A Stupendous Soundtrack

Every great movie needs a great soundtrack to tie it all together, and “I, Tonya” did not disappoint. The film was very dark in nature, but its soundtrack was used just perfectly to ease a bit of the weight while simultaneously creating a way for viewers to understand the emotion of what was occurring. The music was very retro, which drew the viewers into the movie and made them feel like they were back in the 80s, with Harding as she experienced all the brutal things that led to the end of her career.  Most of the soundtrack is ironically upbeat despite the plot of the film being very dark, but the contrast somehow works beautifully to enhance the quality of the movie.

A Broken Fourth Wall

“I, Tonya” is distinguishable for many reasons, but the breaking of the fourth wall is a distinct aspect of the film. A large portion of the film is in an interview format, which is an attribute of the film’s depiction of Harding’s reality.

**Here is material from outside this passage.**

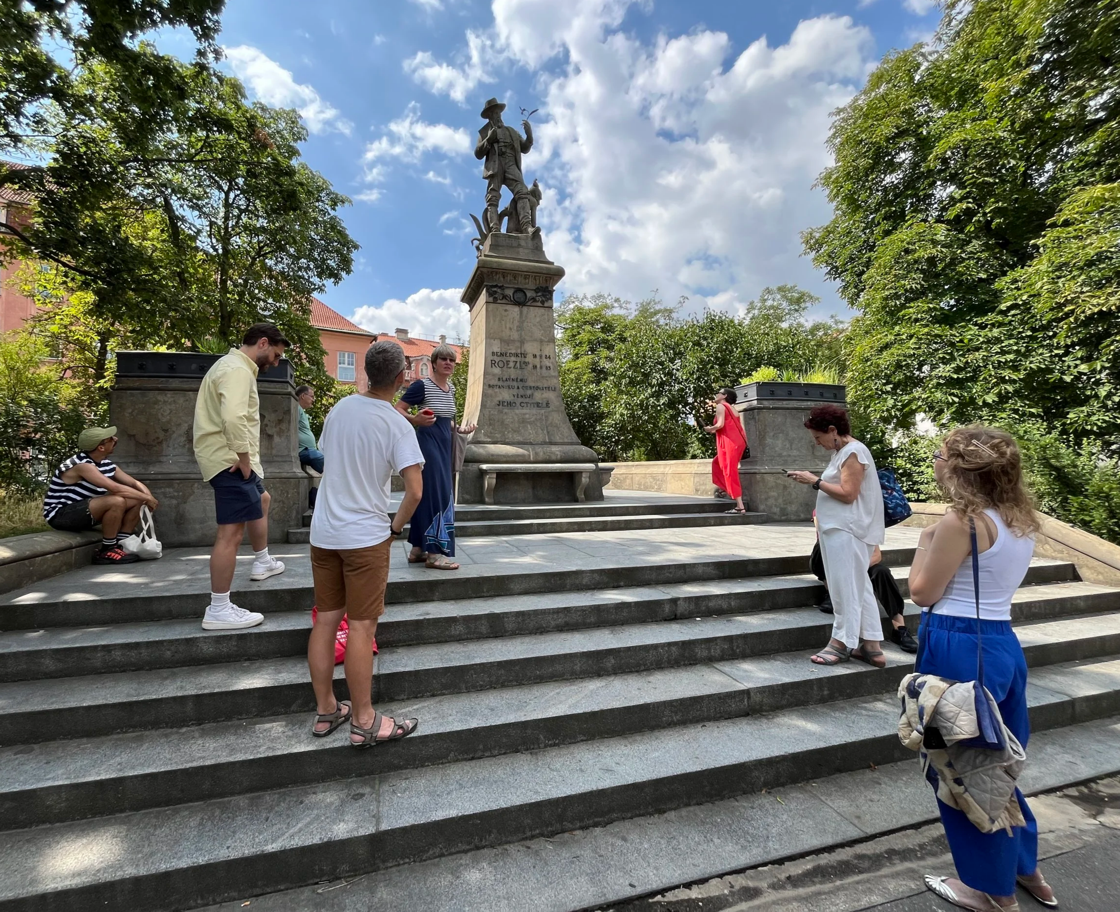 On one hot July morning, Prof. Markéta Křížová of Charles University led a group of TTTM’s National Heritage and Traumatic Memory (NHTM) research cluster members – gathered in the Czech capital to participate in the Memory Studies Association’s Annual Conference – through the streets and alleys of Prague, highlighting for us visible, if not , traces of the city’s implication in colonial histories. The walking tour formed the core of our cluster’s annual retreat, but it was also a much-needed exercise after the 5 intense days of panels, roundtables, and plenary sessions, all indoors. Strolling around back streets and bridges of Prague’s historic heart, Markéta pointed out various figures illuminated by the sun’s summer rays. Representing noblemen and Jesuit priests, some of them closely linked to Czech culture and history, with the latter particularly involved the ‘civilizational mission’ of spreading Christianity across the world – a key pillar of European colonial ideology.

The interview format allows viewers to see into the minds of everyone involved in the Nancy Kerrigan incident that ended Harding’s career. There arealso several moments during the film when Harding looks directly into the camera and speaks as if she is aware the audience is there. These moments are especially impactful because they occur while the event that Harding went through is being shown on screen.

Overall, I would give “I, Tonya” eight stars out of 10. It would be inappropriate to say the film was enjoyable because it depicted such raw and uncomfortable events, but I will say that the film is more than worthy of being seen.